++++ Source data
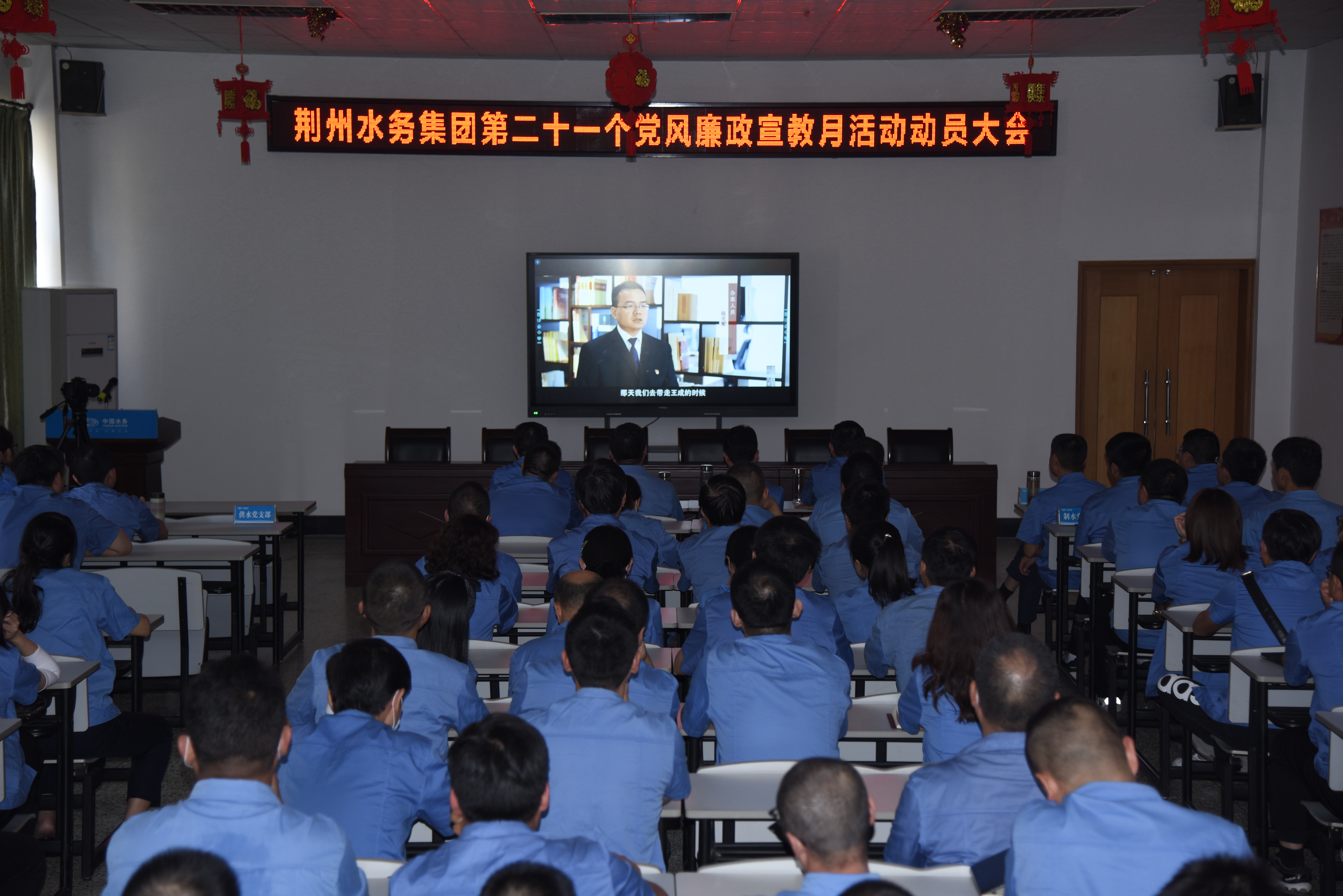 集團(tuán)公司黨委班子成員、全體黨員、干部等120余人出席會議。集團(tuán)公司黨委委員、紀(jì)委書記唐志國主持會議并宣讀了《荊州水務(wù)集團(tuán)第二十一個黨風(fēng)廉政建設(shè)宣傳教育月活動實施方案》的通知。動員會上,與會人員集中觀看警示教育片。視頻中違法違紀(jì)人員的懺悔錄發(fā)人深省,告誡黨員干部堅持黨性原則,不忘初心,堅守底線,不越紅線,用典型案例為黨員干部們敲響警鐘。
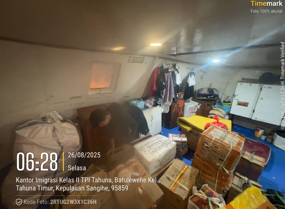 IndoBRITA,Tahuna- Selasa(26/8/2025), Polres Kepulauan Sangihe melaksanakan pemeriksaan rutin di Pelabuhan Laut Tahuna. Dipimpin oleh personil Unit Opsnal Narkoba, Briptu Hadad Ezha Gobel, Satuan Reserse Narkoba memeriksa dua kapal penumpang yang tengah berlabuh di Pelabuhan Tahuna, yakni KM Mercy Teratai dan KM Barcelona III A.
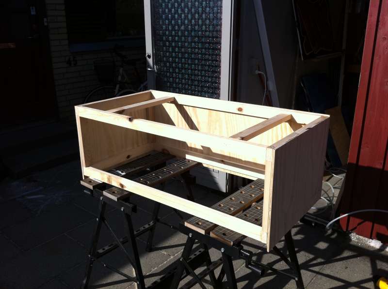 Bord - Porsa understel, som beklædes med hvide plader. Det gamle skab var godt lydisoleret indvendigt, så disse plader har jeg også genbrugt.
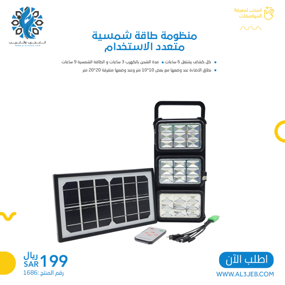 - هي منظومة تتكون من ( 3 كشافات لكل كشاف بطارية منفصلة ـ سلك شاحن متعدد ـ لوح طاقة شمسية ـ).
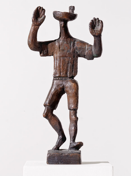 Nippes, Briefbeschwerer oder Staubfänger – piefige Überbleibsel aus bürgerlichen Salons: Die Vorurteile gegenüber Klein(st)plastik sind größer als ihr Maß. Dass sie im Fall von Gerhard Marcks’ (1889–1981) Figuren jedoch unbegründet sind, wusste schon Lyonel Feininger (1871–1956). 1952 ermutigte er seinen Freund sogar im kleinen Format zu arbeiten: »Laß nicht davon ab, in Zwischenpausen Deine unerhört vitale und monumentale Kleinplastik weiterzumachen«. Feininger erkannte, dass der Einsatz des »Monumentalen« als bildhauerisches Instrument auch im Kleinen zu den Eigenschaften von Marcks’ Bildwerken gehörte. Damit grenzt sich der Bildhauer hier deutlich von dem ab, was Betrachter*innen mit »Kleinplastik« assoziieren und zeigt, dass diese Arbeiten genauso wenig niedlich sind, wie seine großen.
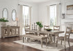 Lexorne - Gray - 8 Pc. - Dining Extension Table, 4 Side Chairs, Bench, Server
++++++++
++++ Source data
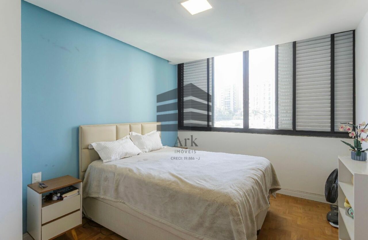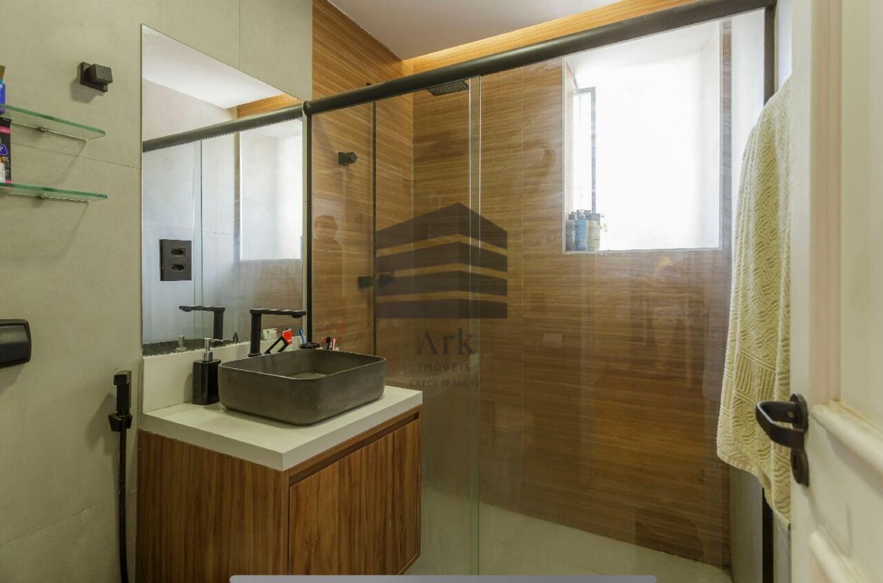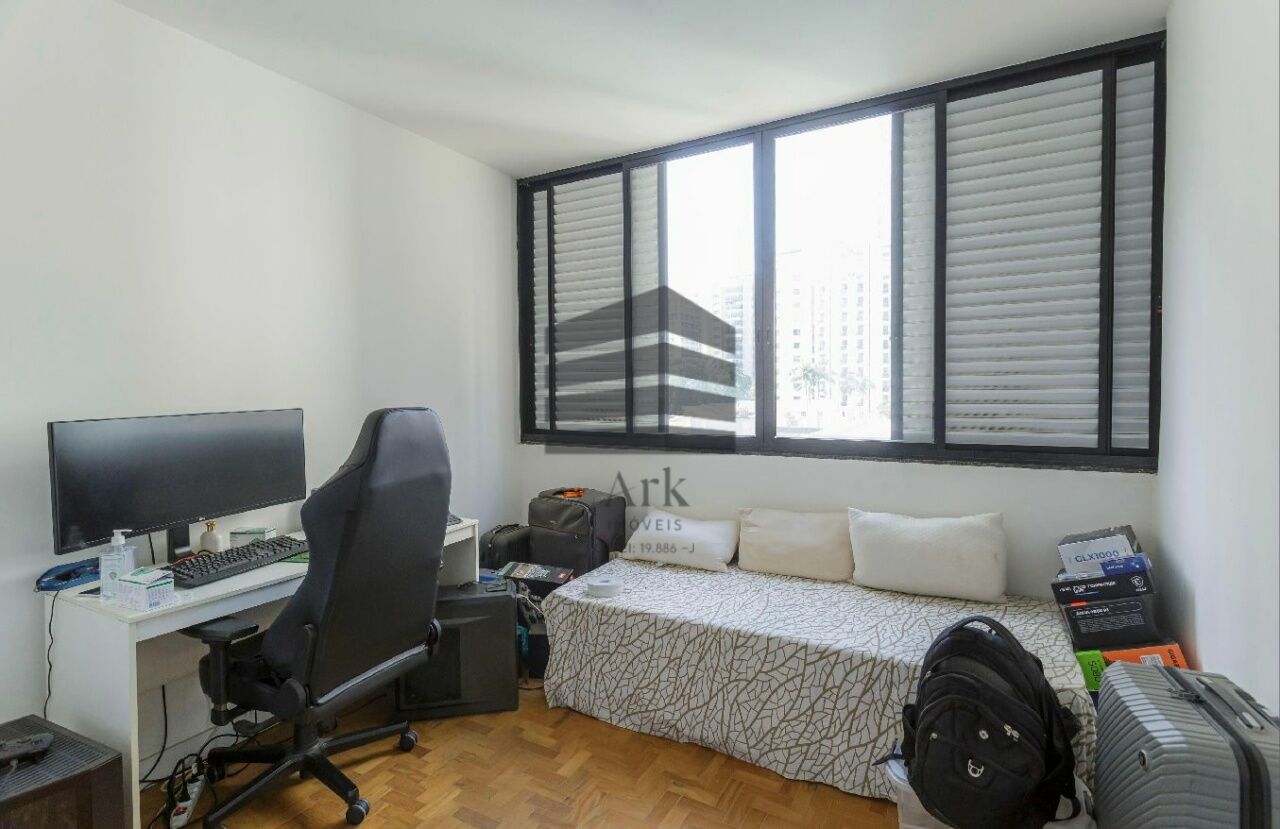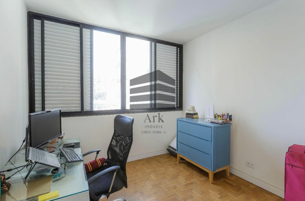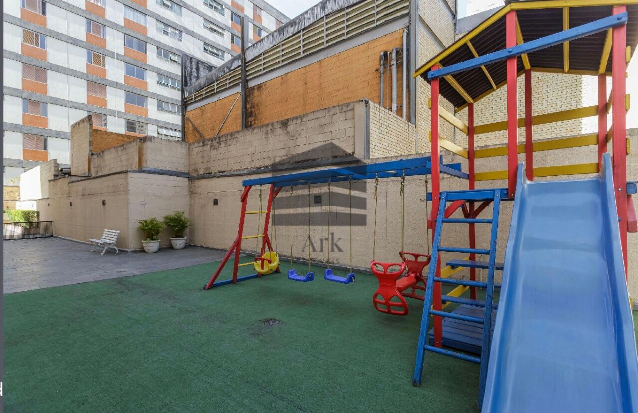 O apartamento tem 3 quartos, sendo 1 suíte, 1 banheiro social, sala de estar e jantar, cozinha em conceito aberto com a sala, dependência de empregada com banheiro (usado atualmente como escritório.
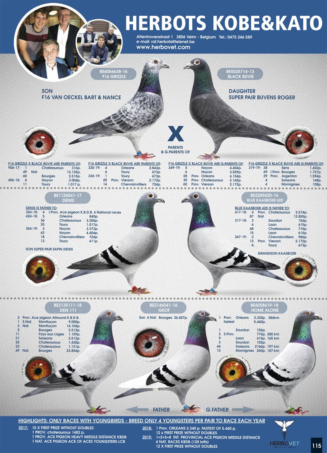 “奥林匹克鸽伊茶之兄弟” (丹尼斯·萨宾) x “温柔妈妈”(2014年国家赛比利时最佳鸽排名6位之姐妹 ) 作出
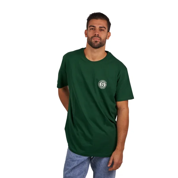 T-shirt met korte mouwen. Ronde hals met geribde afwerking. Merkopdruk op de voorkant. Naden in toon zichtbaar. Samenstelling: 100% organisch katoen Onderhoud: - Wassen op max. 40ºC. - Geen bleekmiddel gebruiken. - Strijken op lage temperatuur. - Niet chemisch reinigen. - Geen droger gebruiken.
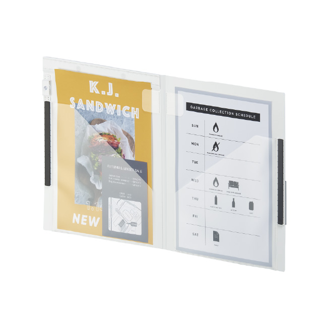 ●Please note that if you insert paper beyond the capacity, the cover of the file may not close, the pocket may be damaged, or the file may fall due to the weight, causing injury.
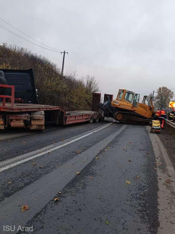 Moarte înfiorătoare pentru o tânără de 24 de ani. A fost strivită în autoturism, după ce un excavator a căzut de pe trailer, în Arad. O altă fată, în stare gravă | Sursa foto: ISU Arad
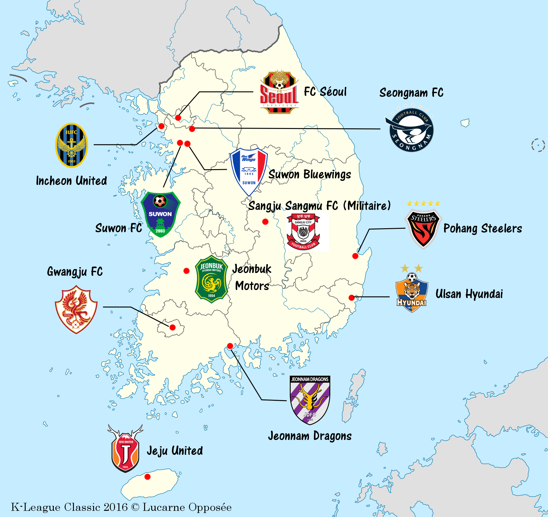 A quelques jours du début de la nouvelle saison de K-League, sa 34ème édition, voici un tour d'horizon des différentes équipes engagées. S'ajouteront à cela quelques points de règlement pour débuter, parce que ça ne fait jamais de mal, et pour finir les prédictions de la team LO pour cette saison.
++++++++
▸ Problem description: Output should consist of the lines above from the one with "Nippes, Briefbeschwerer oder" down to the one with "Lexorne - Gray", exact and without pictures.

▸ Result of the task:
 Nippes, Briefbeschwerer oder Staubfänger – piefige Überbleibsel aus bürgerlichen Salons: Die Vorurteile gegenüber Klein(st)plastik sind größer als ihr Maß. Dass sie im Fall von Gerhard Marcks’ (1889–1981) Figuren jedoch unbegründet sind, wusste schon Lyonel Feininger (1871–1956). 1952 ermutigte er seinen Freund sogar im kleinen Format zu arbeiten: »Laß nicht davon ab, in Zwischenpausen Deine unerhört vitale und monumentale Kleinplastik weiterzumachen«. Feininger erkannte, dass der Einsatz des »Monumentalen« als bildhauerisches Instrument auch im Kleinen zu den Eigenschaften von Marcks’ Bildwerken gehörte. Damit grenzt sich der Bildhauer hier deutlich von dem ab, was Betrachter*innen mit »Kleinplastik« assoziieren und zeigt, dass diese Arbeiten genauso wenig niedlich sind, wie seine großen.
 Lexorne - Gray - 8 Pc. - Dining Extension Table, 4 Side Chairs, Bench, Server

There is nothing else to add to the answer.